Ewangelista piszący do Żydów i do pogan
Św. Mateusz kieruję Ewangelię do ludzi wywodzących się z judaizmu. Bazując na Ewangelii wg św. Marka, Apostoł Mateusz podkreśla, iż Jezus jest Nowym Mojżeszem, jest prawdziwym Zbawicielem, zaś Dobra Nowina – Ewangelia, jest niejako Nowym Przymierzem – Nowym Pięcioksięgiem. Stąd też w teologicznym spojrzeniu Mateusza, Herod przez zamiar zabicia Mesjasza przypomina faraona, który zamierzał zgładzić pierwszego wybawcę Izraela – Mojżesza. Herod zostaje też ukazany jako król, który nie może poszczycić się pochodzeniem z rodu Dawida. W ten sposób Mateusz zestawia Heroda i jego królestwo z Osobą i Królestwem Jezusa podkreślając, iż to Jezus jest prawdziwym Panem i Bogiem.
Ale autor pierwszej ewangelii kieruje Dobrą Nowinę także do pogan. Stąd też w miejsce pokłonu pasterzy (Łk 2,8-20) wprowadza hołd pogańskich Mędrców z odległych krajów.
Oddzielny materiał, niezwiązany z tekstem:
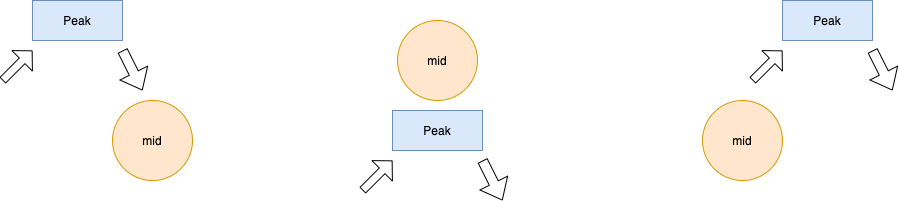 만약 mid 위치의 값이 peak 값이라면, 바로 mid를 리턴하면 된다. 만약 peak가 아니라면, 선택은 두 가지로 나뉘게 된다.

Wydaje się, iż pierwotnie greckie określenie magos odnoszone było do perskich kapłanów, później, w czasach hellenistycznych w ten sposób określano przedstawicieli wschodniej teologii, filozofii i przyrodoznawstwa. Postrzegano ich jednak pozytywnie, ceniąc za posiadaną mądrość. Judaizm, choć odrzucał wszelkie praktyki czarnoksięskie, to jednak również z uznaniem patrzył na magów. Chrześcijaństwo przejęło od judaizmu negatywną ocenę, przeciwstawiając się przybierającemu z czasem na sile wszelkiemu irracjonalizmowi. Stąd też często przekaz o pokłonie magów odczytywany był jako podkreślenie, iż Chrystus jest kresem magii. W przekazie jednak Ewangelii wg św. Mateusza Magowie – Mędrcy, ukazani są pozytywnie. Są pobożnymi poganami pragnącymi oddać pokłon Jezusowi.
Przekaz o Mędrcach służy Mateuszowi by docenić znaczenie i wagę pogan. Również i poganie mogą odpowiedzieć wiarą na Ewangelię. Pisząc do Żydów ewangelista pokazuje, że naród wybrany nie jest jedynym – nie tylko ten lud jest w stanie odpowiedzieć wiarą na Boże Objawienie. Co więcej – można odnieść wrażenie, iż ci, którzy powinni uwierzyć – paradoksalnie – nie uwierzyli. Ci którzy byli pewni siebie, swojej wiary i swojego wybrania okazali się słabi – nie dostrzegli nadejścia Pana.
W tradycji Starego Przymierza można odnaleźć motywy kreślące obraz pogan poszukujących w Izraelu zbawienia (zob. Iz 2,2-3; 43,14 i in.). Już w Księdze Liczb można znaleźć opowiadanie o Balaamie, proroku ze Wschodu, zapowiadającym pojawienie się „gwiazdy z Jakuba” (Lb 24,17). Przybycie Mędrców do Jerozolimy wypełnia proroctwo Balaama o „gwieździe z Jakuba”. Oto Mesjasz Izraela został objawiony poganom, Król Izraela stał się panem „wielu narodów”. Obraz przybycia Mędrców do Betlejem przypomina także wizytę Królowej Saby u syna króla Dawida – u Salomona (1Krl 10,1-13). Jezus bowiem, nowy i ostatni syn Dawida jest uosobieniem mądrości, której posiadaniem szczycił się król Salomon (Mt 12,42).
Ale przekaz o przybyciu Mędrców do Nowonarodzonego Zbawiciela nawiązuje także do sytuacji Kościoła otwartego na pogan i otoczonego wrogością ze strony Synagogi z powodu przynależności do Jezusa. Autor natchniony wskazuje, że gdy poganie przychodzą do Jezusa, Zbawiciela świata, są świadkami odrzucenia Jezusa ze strony Izraela, są świadkami przerażenia i złości Jerozolimy, która „zabija proroków i kamienuje tych, którzy są do niej posłani” (Mt 3,37).
Podobnie jak obecność czterech kobiet w genealogii Jezusa wskazywała na wejście pogan do Kościoła, tak też przybycie Mędrców zapowiada przystąpienie pogan do wspólnoty uczniów uznających Jezusa Mesjasza i Syna Bożego.